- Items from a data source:
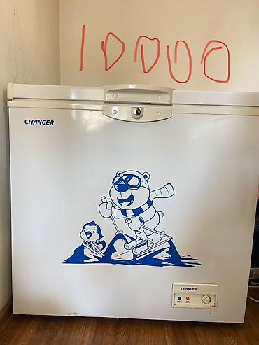 - Морозильная камера CHANGER (ларь): горизонтальный формат с верхней крышкой и замком, механический терморегулятор с индикаторами работы/морозильного режима, на фронте детский принт. На фото указана цена: 10000.
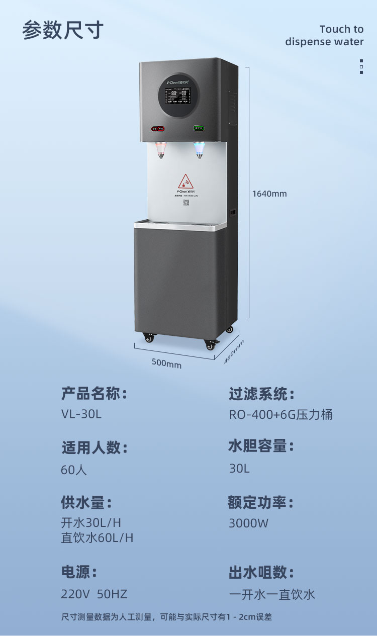 供水量:開水30L/H 直飲水60L/H
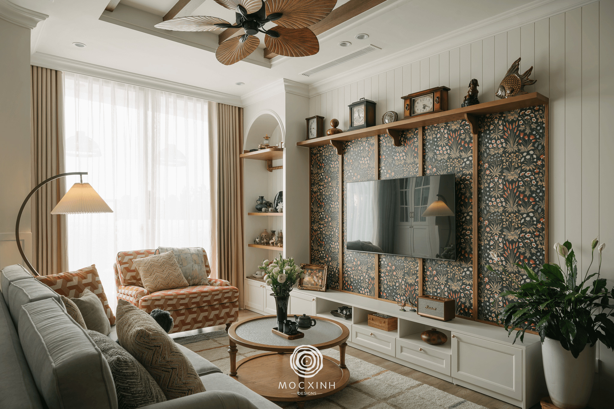 Với mong muốn mang đến một không gian sống tinh tế và hài hòa, Mộc Xinh lựa chọn bảng màu trung tính gồm các tông màu gỗ ấm áp và sắc be thanh lịch. Sự kết hợp này tạo nên một nền tảng hoàn hảo để tôn lên vẻ đẹp tự nhiên của các vật liệu và đồ nội thất. Điểm nhấn nổi bật trong không gian này là hệ thống ánh sáng điểm, sẽ như những điểm nhấn nghệ thuật tạo nên chiều sâu và sự sống động cho không gian.
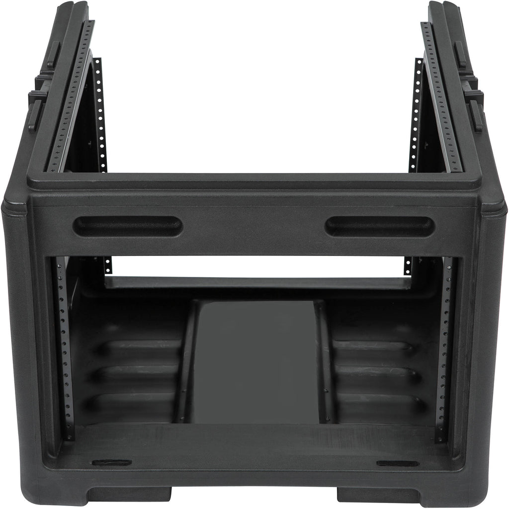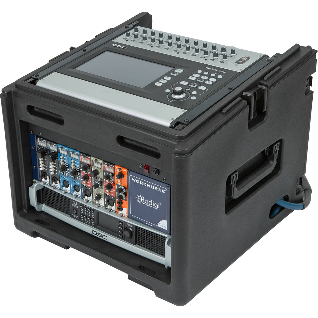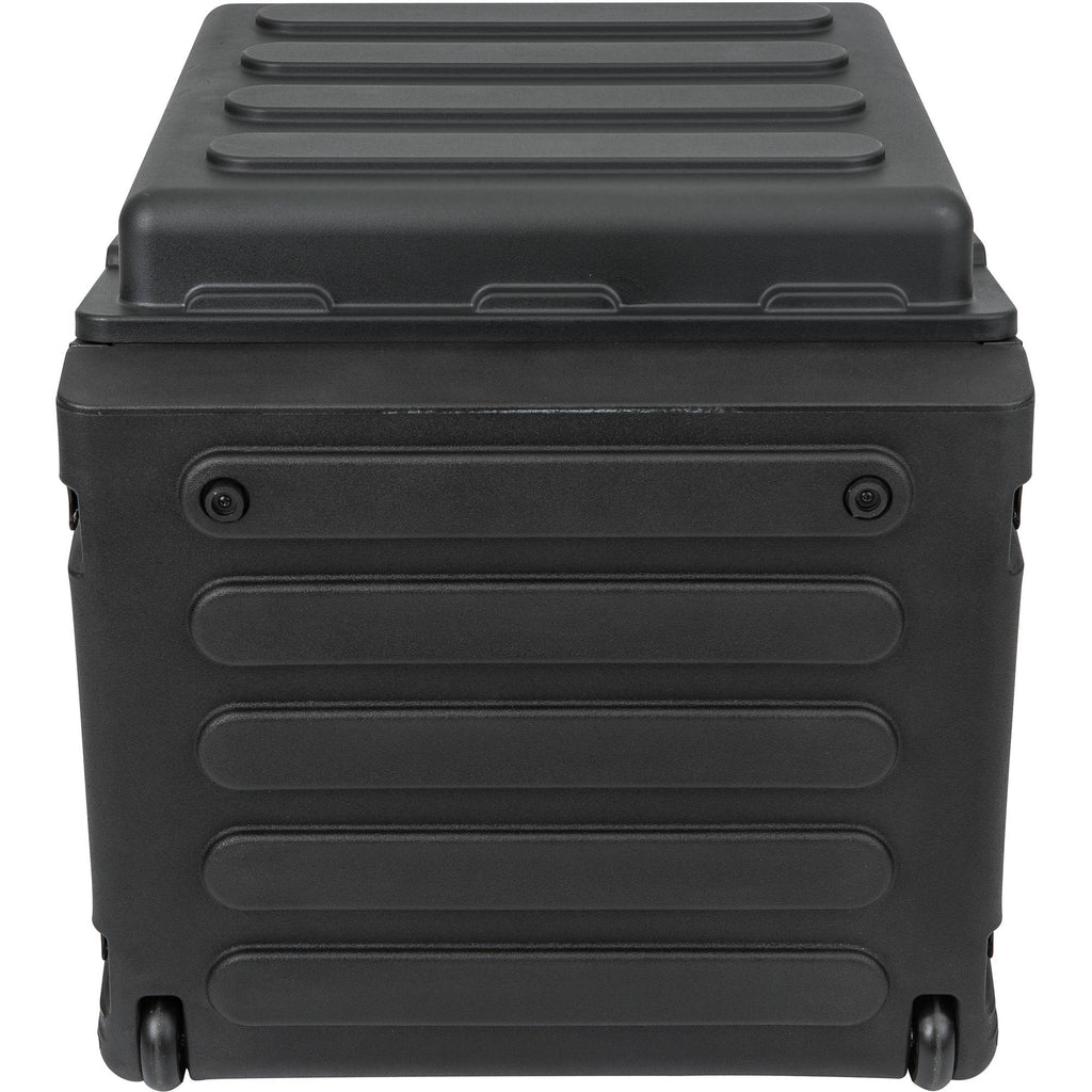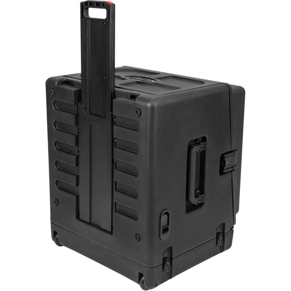 Our all-new 1SKB-R106W Rolling Compact Rig features a standard 10U top and 6U front and rear rack rails. It also includes a new one-touch pull handle and back lid mounted wheels for easy transport, as well as a redesigned exterior that allows this new Rig to easily stack with existing standard Roto-Racks and the recently updated Roto Rolling Racks. Featuring an injection-molded top, the new Rolling Compact Rig also comes standard with TSA-accessible locking latches that secure the lid to the top of the rig.
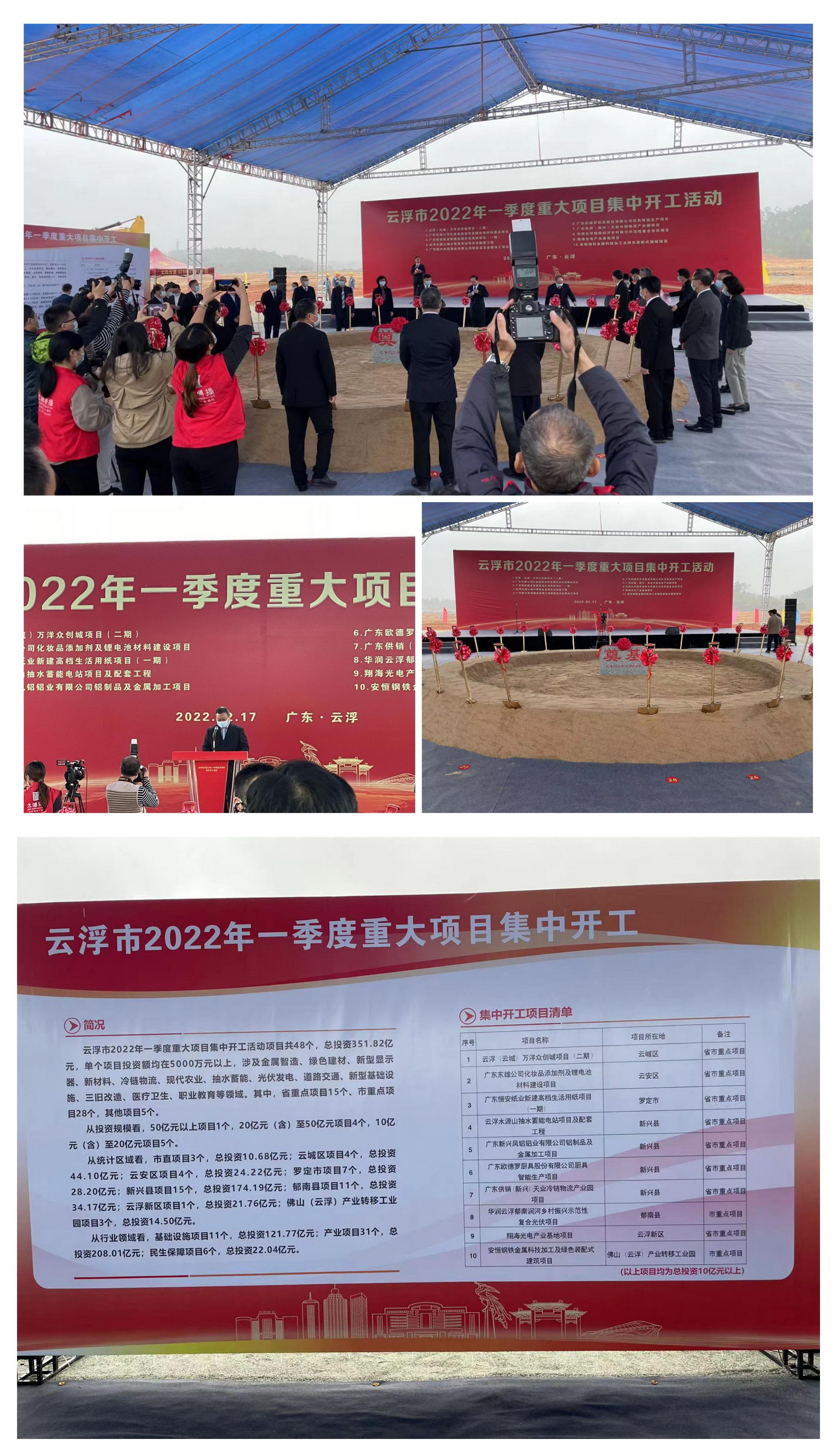 2月17日,云浮市政府举行2022年一季度重大项目集中开工活动,华体会平台光电作为代表企业之一,与省、市委市政府领导及多家项目代表共同出席了奠基仪式。

- EXERCISE:
If pictures appear in the data, do not print them; repeat the rest exactly.

- FINISHED TASK:
 - Морозильная камера CHANGER (ларь): горизонтальный формат с верхней крышкой и замком, механический терморегулятор с индикаторами работы/морозильного режима, на фронте детский принт. На фото указана цена: 10000.
 供水量:開水30L/H 直飲水60L/H
 Với mong muốn mang đến một không gian sống tinh tế và hài hòa, Mộc Xinh lựa chọn bảng màu trung tính gồm các tông màu gỗ ấm áp và sắc be thanh lịch. Sự kết hợp này tạo nên một nền tảng hoàn hảo để tôn lên vẻ đẹp tự nhiên của các vật liệu và đồ nội thất. Điểm nhấn nổi bật trong không gian này là hệ thống ánh sáng điểm, sẽ như những điểm nhấn nghệ thuật tạo nên chiều sâu và sự sống động cho không gian.
 Our all-new 1SKB-R106W Rolling Compact Rig features a standard 10U top and 6U front and rear rack rails. It also includes a new one-touch pull handle and back lid mounted wheels for easy transport, as well as a redesigned exterior that allows this new Rig to easily stack with existing standard Roto-Racks and the recently updated Roto Rolling Racks. Featuring an injection-molded top, the new Rolling Compact Rig also comes standard with TSA-accessible locking latches that secure the lid to the top of the rig.
 2月17日,云浮市政府举行2022年一季度重大项目集中开工活动,华体会平台光电作为代表企业之一,与省、市委市政府领导及多家项目代表共同出席了奠基仪式。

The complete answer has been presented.